(DESCRIPTION OF THE TASK): Quote exactly the lines from the one with "Oppo Reno5 Lite, кроме" to the end of the data, both included; omit the pictures.
^^^^^^^^
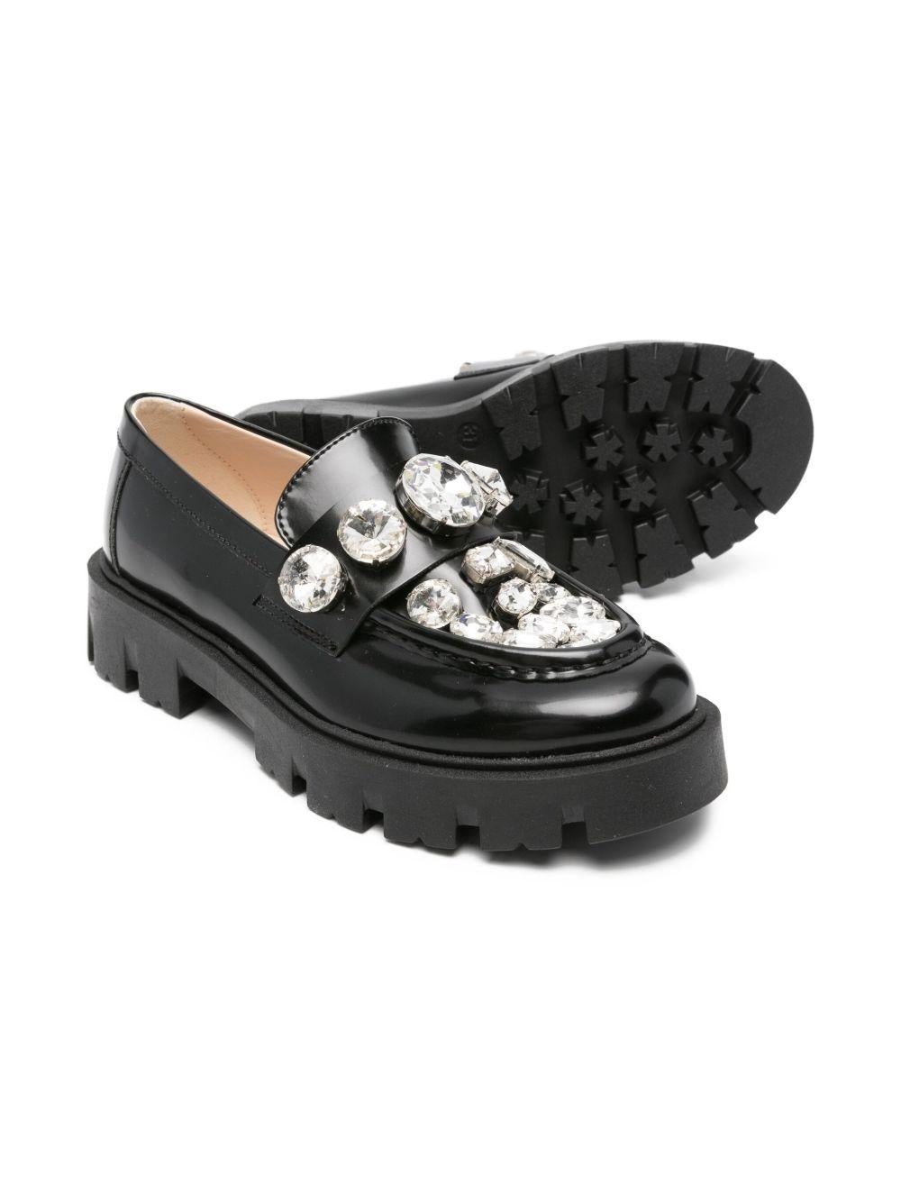 Black Florens moccasins for girls with crystal decorations
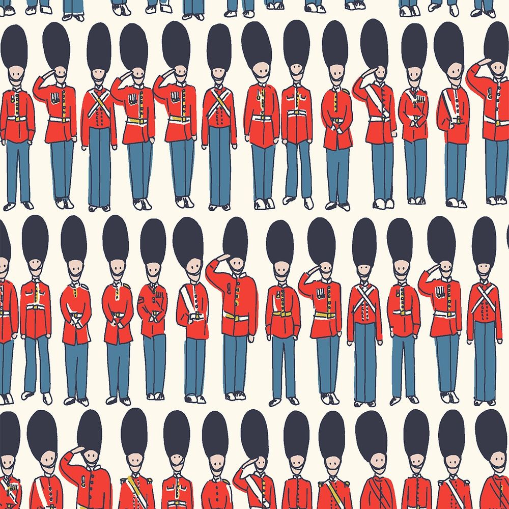 This cute London Guard pattern uses colourful red and blue tones over its white background, which is perfect for brightening your little soldiers bedroom.
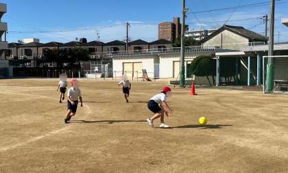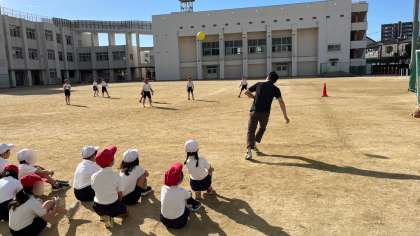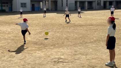 体育の学習です。ベースボール型のゲームをしていました。今日が初日のようで、ゲームのルールや投げ方、蹴り方など先生の説明付き実演を見た後、試してみていました。
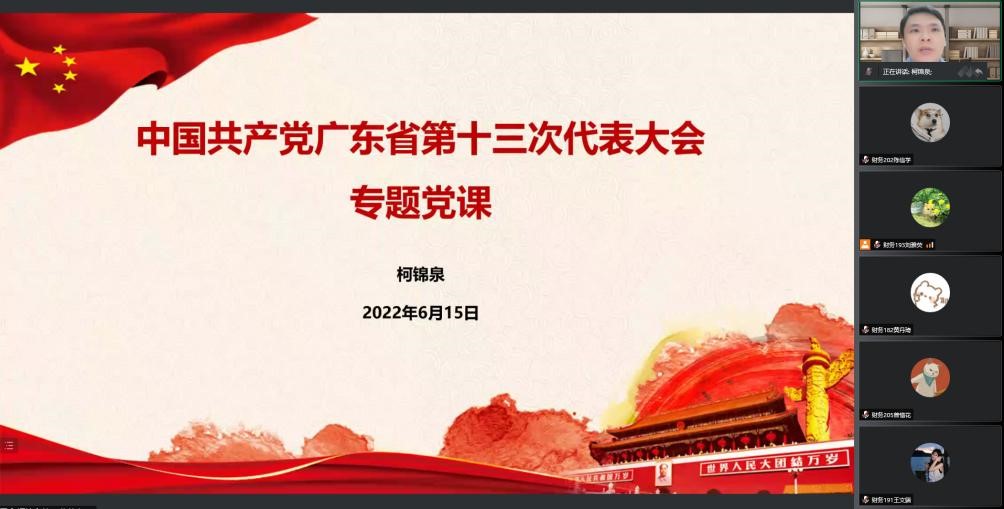 为深入学习贯彻中国共产党广东省第十三次代表大会精神,引导学生党员准确把握省第十三次党代会的精神实质与科学内涵,推动管理学院各项工作落在实处,6月15日,管理学院党委书记柯锦泉、党委副书记梁其才采用线上线下相结合的形式分别给财务管理专业学生党支部,人力资源管理专业学生党支部、德新学生党支部和工商管理专业学生党支部讲授专题党课,各学生党支部书记、党支部全体党员参加了此次学习。
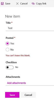 BUT...I discovered the same attachment problem with Yes/No in New and Classic. And, with a Yes/No there is no mandatory to remove. Same behavior in that one hits Save which greys out and then nothing happens (see first post screenshot).
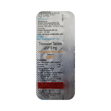 Neosoralen Tablet is best taken after meals. Taking with food helps increase the medication's absorption and decrease nausea. Take it in the dose and duration as advised by the doctor. Retain taking it for as long as your doctor recommends. If you stop treatment too early, your symptoms may come back, and your condition may worsen.
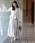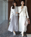すっきりとした上身頃と揺れ感のあるスカートが、自然な立体感を演出します。
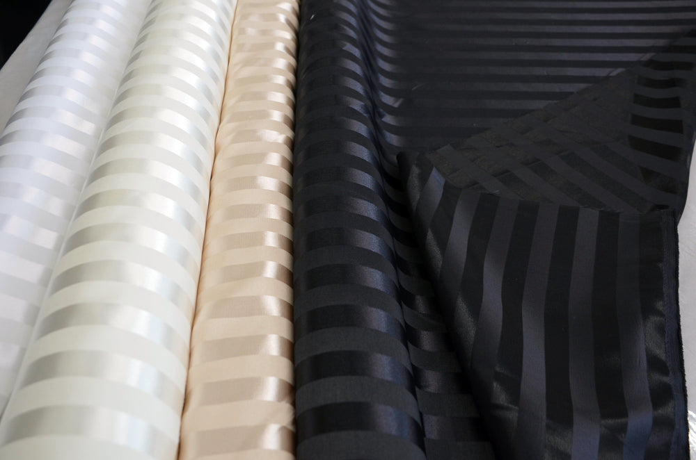 • Bridal Satin Stripe is a tone on tone stipe jacquard.
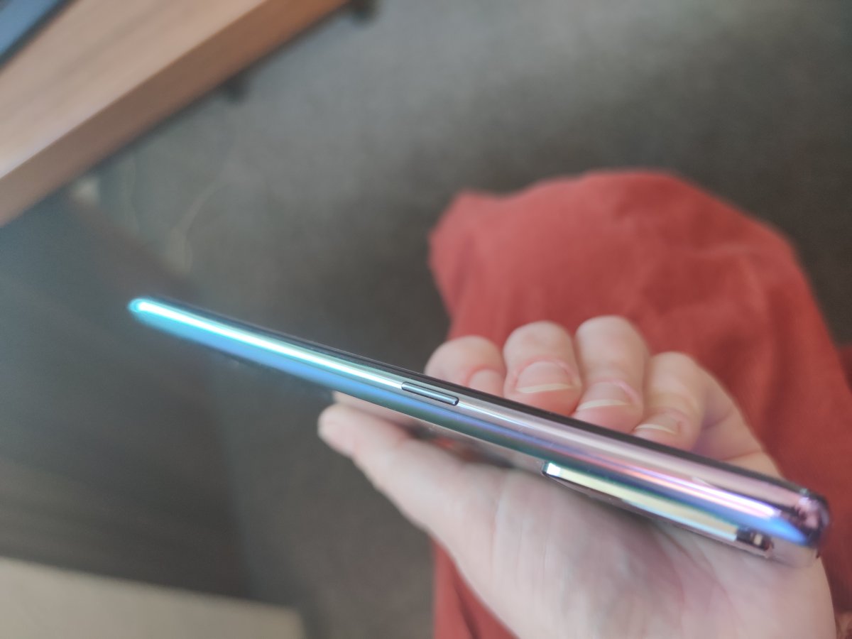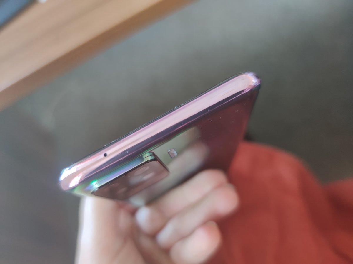 Oppo Reno5 Lite, кроме классического черного, представлен в лиловом цвете, который переливается красивым сиренево-голубым градиентом. Но увы — теперь в дизайне нет никакой «изюминки», даже изящную полосу, которая отличала Reno4 Lite от конкурентов на полке магазина, решили убрать. Наслаждаться цветом тоже долго не получится, следы от пальцев быстро портят красоту спинки.
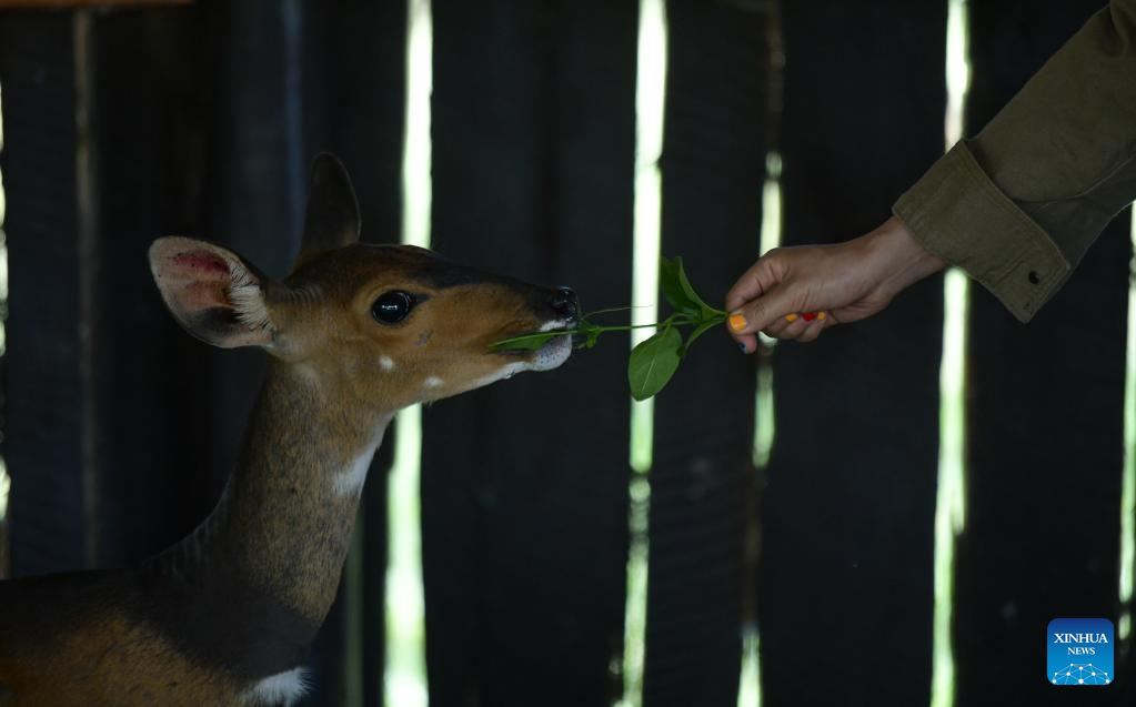 A tourist feeds a bushbuck at the Animal Orphanage in Mount Kenya Wildlife Conservancy in Nanyuki, Kenya, Feb. 4, 2023. The orphanage provides shelter and care for the injured, neglected, abused or frightened wild animals. (Xinhua/Han Xu)
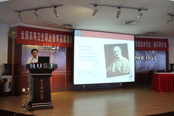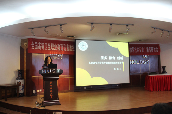 会议召开当天,会场内高朋满座,华中科技大学出版社医学分公司经理居颖主持了这场会议,副社长王连弟首先致辞,对各位到会专家、老师的到来表示热烈欢迎,并且对华中科技大学出版社尤其是医学分公司做了简要介绍,对大家共同做好本套教材的编写工作充满了信心与期待。会上,全国卫生职业教育行指委委员兼医学技术类专指委主任委员、金华职业技术学院党委副书记胡野教授就“全面领会‘五个对接’系统推进教学创新”的主题作了精彩报告,全国高职高专药品类专业教育教材建设指导委员会委员、山东医学高等专科学校副校长葛淑兰教授则在“服务、融合、创新”方面对高职高专药学类教材的建设提出了新期待。
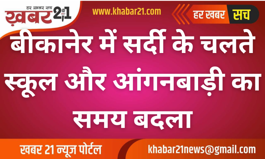 बीकानेर। बीकानेर समेत राजस्थान के कई हिस्सों में कड़ाके की ठंड और शीतलहर के मद्देनजर प्रशासन ने बड़ा आदेश जारी किया है। जिला कलक्टर बीकानेर ने सभी स्कूलों, मदरसों और आंगनबाड़ियों के समय में बदलाव की अधिसूचना जारी की है।
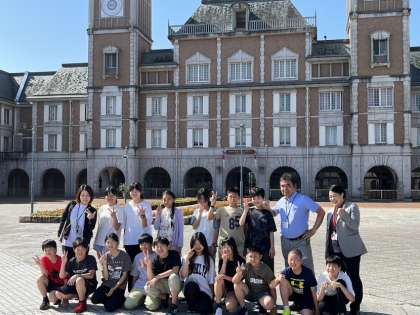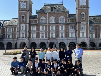 神戸ホテルをバックに記念撮影
^^^^^^^^
(SOLUTION TO THIS TASK):
 Oppo Reno5 Lite, кроме классического черного, представлен в лиловом цвете, который переливается красивым сиренево-голубым градиентом. Но увы — теперь в дизайне нет никакой «изюминки», даже изящную полосу, которая отличала Reno4 Lite от конкурентов на полке магазина, решили убрать. Наслаждаться цветом тоже долго не получится, следы от пальцев быстро портят красоту спинки.
 A tourist feeds a bushbuck at the Animal Orphanage in Mount Kenya Wildlife Conservancy in Nanyuki, Kenya, Feb. 4, 2023. The orphanage provides shelter and care for the injured, neglected, abused or frightened wild animals. (Xinhua/Han Xu)
 会议召开当天,会场内高朋满座,华中科技大学出版社医学分公司经理居颖主持了这场会议,副社长王连弟首先致辞,对各位到会专家、老师的到来表示热烈欢迎,并且对华中科技大学出版社尤其是医学分公司做了简要介绍,对大家共同做好本套教材的编写工作充满了信心与期待。会上,全国卫生职业教育行指委委员兼医学技术类专指委主任委员、金华职业技术学院党委副书记胡野教授就“全面领会‘五个对接’系统推进教学创新”的主题作了精彩报告,全国高职高专药品类专业教育教材建设指导委员会委员、山东医学高等专科学校副校长葛淑兰教授则在“服务、融合、创新”方面对高职高专药学类教材的建设提出了新期待。
 बीकानेर। बीकानेर समेत राजस्थान के कई हिस्सों में कड़ाके की ठंड और शीतलहर के मद्देनजर प्रशासन ने बड़ा आदेश जारी किया है। जिला कलक्टर बीकानेर ने सभी स्कूलों, मदरसों और आंगनबाड़ियों के समय में बदलाव की अधिसूचना जारी की है।
 神戸ホテルをバックに記念撮影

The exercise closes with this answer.